> _INSTRUCTIONS FOR THE TASK_:
Starting with the line that contains "五彩梦幻池 造型可爱的卡通滑", set down each line through the end of the entries below, exactly and with nothing added.

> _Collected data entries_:
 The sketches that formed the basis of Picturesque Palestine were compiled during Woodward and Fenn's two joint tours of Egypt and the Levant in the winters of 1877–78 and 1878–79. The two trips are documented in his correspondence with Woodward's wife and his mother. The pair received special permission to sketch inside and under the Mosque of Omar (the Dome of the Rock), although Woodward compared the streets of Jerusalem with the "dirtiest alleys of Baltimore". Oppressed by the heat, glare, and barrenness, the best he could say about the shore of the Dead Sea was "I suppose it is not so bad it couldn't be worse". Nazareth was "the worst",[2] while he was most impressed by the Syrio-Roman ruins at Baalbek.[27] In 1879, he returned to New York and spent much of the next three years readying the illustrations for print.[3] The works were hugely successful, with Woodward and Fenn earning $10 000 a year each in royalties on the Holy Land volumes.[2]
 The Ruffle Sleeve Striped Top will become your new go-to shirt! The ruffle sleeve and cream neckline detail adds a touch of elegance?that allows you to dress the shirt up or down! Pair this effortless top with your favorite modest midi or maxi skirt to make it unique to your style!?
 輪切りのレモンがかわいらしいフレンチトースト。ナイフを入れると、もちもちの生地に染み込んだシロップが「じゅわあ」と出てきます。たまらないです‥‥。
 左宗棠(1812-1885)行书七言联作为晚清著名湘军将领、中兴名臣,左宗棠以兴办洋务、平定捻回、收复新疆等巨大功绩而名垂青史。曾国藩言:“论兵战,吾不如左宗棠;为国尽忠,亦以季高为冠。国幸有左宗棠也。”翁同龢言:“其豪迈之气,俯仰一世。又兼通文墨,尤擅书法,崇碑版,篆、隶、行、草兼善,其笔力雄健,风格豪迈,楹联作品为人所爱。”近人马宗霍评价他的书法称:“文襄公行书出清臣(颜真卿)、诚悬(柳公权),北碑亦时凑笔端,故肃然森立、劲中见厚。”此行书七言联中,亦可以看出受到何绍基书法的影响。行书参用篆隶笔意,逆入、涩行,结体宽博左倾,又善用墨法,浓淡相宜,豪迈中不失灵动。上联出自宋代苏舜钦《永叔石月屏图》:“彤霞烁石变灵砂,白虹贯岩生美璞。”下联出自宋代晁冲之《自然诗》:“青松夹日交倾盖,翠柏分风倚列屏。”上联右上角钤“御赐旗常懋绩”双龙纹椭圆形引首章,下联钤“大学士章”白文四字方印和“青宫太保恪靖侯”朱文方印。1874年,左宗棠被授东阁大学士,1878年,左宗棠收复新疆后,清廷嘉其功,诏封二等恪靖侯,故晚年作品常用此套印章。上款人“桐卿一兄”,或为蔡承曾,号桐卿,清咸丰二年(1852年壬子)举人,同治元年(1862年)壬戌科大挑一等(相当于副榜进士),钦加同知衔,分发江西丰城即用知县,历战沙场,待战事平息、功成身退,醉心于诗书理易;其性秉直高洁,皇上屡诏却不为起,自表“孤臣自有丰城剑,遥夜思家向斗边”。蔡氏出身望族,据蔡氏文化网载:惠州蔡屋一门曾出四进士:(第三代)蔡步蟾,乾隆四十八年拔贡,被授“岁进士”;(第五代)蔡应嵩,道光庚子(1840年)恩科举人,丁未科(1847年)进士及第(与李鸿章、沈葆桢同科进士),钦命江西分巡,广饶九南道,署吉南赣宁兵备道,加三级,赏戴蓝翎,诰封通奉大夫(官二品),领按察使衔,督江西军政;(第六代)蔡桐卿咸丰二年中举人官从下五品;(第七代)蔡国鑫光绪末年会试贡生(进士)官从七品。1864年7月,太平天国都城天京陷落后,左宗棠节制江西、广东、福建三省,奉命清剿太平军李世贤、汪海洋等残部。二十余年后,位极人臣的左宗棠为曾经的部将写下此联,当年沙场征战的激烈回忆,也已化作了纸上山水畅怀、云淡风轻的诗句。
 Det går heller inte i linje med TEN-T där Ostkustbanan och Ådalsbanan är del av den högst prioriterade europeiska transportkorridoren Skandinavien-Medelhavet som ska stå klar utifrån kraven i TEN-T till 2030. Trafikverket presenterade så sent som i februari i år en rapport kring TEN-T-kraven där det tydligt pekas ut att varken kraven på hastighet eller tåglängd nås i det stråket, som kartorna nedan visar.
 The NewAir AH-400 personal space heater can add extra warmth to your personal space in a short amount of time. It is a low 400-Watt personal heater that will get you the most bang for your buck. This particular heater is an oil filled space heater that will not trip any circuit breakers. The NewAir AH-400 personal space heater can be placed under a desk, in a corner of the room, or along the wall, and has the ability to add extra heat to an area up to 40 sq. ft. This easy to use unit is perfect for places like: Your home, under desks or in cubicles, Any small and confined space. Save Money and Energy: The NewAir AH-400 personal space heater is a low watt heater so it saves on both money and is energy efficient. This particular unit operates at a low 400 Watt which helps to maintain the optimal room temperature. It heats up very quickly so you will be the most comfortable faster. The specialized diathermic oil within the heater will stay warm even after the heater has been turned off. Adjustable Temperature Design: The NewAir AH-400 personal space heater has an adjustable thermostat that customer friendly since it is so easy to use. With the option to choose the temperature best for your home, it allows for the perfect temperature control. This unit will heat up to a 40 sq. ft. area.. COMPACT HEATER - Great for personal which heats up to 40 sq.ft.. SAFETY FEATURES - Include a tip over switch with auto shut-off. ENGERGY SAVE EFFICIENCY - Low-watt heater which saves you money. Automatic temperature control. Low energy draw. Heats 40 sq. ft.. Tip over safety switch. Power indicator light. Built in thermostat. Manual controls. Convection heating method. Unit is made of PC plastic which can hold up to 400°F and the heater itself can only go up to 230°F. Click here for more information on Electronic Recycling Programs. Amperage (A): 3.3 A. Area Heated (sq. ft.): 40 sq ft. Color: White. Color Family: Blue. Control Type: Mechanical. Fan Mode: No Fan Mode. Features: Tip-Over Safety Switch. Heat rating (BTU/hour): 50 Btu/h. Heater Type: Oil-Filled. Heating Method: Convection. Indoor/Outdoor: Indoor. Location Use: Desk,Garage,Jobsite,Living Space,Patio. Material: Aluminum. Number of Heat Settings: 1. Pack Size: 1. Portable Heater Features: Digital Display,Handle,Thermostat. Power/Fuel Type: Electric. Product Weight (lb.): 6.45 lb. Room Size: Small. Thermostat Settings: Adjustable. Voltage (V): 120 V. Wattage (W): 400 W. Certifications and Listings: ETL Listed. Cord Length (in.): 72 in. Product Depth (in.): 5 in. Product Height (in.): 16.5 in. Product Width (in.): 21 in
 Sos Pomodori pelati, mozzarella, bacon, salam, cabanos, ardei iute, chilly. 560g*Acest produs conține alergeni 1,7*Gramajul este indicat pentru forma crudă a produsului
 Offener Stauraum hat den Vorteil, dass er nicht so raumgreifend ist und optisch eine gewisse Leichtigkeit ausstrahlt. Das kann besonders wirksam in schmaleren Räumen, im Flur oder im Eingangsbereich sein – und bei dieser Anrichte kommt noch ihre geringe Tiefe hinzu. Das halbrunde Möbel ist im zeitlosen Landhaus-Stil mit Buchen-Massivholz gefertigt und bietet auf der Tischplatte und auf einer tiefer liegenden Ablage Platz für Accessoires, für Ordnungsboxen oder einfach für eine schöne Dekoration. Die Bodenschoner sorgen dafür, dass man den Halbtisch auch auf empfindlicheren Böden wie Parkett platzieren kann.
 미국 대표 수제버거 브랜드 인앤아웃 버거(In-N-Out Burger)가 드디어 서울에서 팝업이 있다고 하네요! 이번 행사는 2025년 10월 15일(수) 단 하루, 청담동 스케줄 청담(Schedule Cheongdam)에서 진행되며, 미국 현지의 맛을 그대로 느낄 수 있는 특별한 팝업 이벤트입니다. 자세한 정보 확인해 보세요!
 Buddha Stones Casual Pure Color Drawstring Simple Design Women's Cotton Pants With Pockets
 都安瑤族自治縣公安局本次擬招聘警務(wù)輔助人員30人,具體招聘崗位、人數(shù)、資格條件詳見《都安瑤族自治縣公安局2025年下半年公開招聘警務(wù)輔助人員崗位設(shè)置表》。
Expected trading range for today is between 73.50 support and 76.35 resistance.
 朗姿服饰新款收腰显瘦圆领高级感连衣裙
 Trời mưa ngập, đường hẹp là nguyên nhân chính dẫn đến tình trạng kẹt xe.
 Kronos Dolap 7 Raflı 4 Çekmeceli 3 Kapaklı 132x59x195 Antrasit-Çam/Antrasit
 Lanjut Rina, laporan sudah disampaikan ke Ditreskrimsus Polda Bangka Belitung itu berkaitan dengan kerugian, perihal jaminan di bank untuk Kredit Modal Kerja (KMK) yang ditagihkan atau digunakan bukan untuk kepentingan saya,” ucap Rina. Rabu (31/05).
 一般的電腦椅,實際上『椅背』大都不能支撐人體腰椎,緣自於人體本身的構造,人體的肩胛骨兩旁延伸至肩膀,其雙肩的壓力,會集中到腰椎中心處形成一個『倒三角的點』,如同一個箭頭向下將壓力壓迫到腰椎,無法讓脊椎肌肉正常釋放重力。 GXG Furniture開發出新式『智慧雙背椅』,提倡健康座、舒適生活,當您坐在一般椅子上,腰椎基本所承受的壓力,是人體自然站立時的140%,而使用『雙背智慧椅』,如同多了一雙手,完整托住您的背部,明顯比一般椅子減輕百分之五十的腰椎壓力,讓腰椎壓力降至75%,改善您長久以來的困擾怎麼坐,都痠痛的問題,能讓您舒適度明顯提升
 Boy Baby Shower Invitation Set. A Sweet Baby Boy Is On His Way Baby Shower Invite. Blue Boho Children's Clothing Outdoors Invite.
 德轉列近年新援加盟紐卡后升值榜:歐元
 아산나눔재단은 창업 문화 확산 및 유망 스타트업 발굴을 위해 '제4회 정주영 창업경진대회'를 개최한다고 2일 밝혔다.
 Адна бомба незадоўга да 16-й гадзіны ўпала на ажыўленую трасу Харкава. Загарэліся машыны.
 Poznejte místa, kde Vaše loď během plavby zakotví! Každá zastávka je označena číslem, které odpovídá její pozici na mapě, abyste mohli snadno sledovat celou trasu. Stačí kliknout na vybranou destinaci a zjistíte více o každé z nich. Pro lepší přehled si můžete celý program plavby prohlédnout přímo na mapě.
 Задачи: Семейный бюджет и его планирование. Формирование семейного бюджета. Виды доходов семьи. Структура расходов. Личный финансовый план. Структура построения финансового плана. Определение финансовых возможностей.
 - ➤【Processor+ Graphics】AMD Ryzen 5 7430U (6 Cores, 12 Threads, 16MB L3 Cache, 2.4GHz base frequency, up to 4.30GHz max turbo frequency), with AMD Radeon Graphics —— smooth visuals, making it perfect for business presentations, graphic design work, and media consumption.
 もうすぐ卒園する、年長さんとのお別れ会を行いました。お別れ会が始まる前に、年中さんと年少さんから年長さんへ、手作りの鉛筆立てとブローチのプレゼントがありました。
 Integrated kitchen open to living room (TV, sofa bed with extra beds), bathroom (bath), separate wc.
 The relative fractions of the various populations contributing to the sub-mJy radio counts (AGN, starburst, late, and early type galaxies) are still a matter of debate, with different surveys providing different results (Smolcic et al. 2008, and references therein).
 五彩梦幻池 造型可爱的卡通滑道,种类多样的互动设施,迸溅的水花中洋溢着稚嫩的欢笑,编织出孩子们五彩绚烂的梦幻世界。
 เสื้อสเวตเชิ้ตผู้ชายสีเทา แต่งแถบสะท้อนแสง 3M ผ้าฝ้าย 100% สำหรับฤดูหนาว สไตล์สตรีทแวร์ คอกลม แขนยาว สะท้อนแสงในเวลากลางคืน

> _SOLVED EXERCISE_:
 五彩梦幻池 造型可爱的卡通滑道,种类多样的互动设施,迸溅的水花中洋溢着稚嫩的欢笑,编织出孩子们五彩绚烂的梦幻世界。
 เสื้อสเวตเชิ้ตผู้ชายสีเทา แต่งแถบสะท้อนแสง 3M ผ้าฝ้าย 100% สำหรับฤดูหนาว สไตล์สตรีทแวร์ คอกลม แขนยาว สะท้อนแสงในเวลากลางคืน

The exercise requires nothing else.